Investigators of the United States gambling industry

Griffin Investigations was once the most prominent group of private investigators specializing in the United States gambling industry; roughly half of the major casinos in the US once subscribed to Griffin's services. The company was founded in 1967 by Beverly S. Griffin and Robert R. Griffin.

The company maintained dossiers on card counters, serial jackpot winners, and other individuals, chiefly professional gamblers using legal techniques to gain an advantage in casino games; these profiles were regularly published in the Griffin Book and distributed to subscribing casinos.

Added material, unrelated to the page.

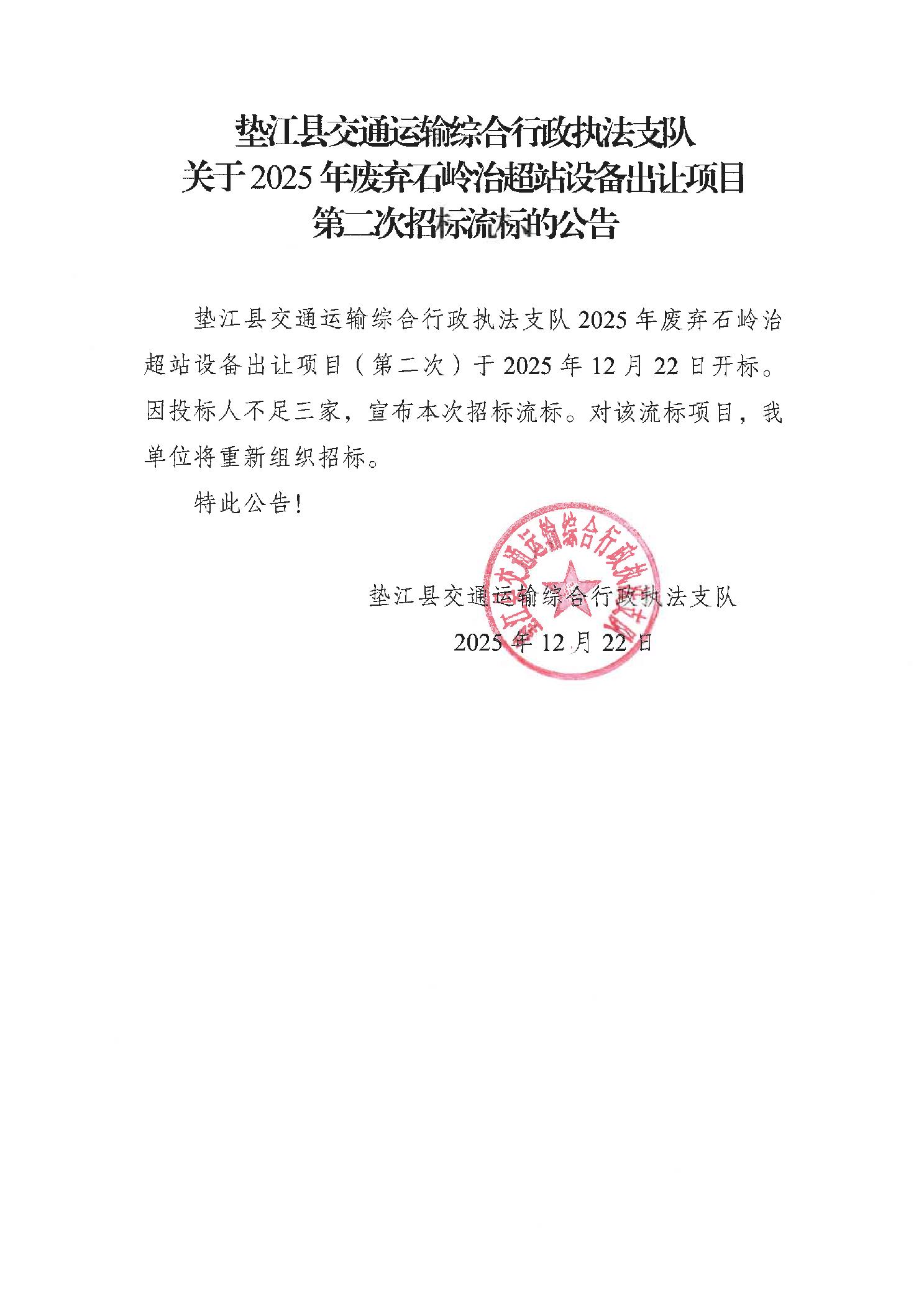 垫江县交通运输综合行政执法支队2025年废弃石岭治超站设备出让项目第二次招标流标的公告

Griffin Investigations was instrumental in ending the MIT Blackjack Team’s winning streak, after a Griffin investigator purchased the names, photographs, and other details identifying the group's members, and the company distributed the information to casinos.

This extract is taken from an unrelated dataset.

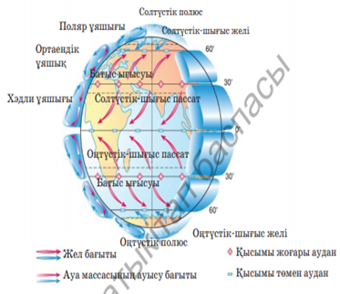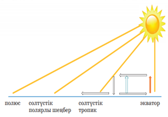 1.Тапсырма Параграфтың мәтінін және суретті пайдалана отырып, табиғаттағы ауа массасының айналуын сипаттайды. «Экватордан полюске дейін ауаның қозғалуы» сызбасын сызады: ауаның жылжуына әсер ететін түрткіжайттарды символдармен белгілейді.

Griffin also marketed a controversial facial recognition system that used computer software to compare gamblers' faces against several volumes of mug shots. Beverly S. Griffin, the firm's co-founder and co-owner, estimates as many as half of Southern Nevada's casinos now use biometric technology to identify the faces of card cheats or other undesirables. However, a Las Vegas casino surveillance director (writing under the pseudonym Cellini) reported in the book, The Card Counter's Guide to Casino Surveillance (2003), that biometric technology was considered virtually useless by actual casino surveillance operatives because of overwhelming numbers of false reads.

==History==
The Las Vegas Sun reported on September 13, 2005 that Griffin Investigations had filed for Chapter 11 bankruptcy protection in light of legal costs and damages from a successful defamation lawsuit against the company. The lawsuit had been brought by two gamblers, Michael Russo and James Grosjean, claiming they had been improperly detained, labeled as cheaters and arrested, on the basis of information supplied by Griffin. The judgement of a jury in Clark County District Court, in June 2005, ordered Griffin Investigations to pay $15,000 to Michael Russo and $10,000 to James Grosjean in punitive damages; and Griffin Investigations and Caesars Palace were each ordered to pay Russo and Grosjean actual damages of $25,000 each.

According to the minutes of the Private Investigators Licensing Board for 18 June 2008, Beverly Griffin said that her ex-husband had retired, and she was seeking to purchase his half of the business. She said all Chapter 11 payments were up to date, all requirements had been met and she had, as advised by counsel, changed the way information was supplied, using data encryption.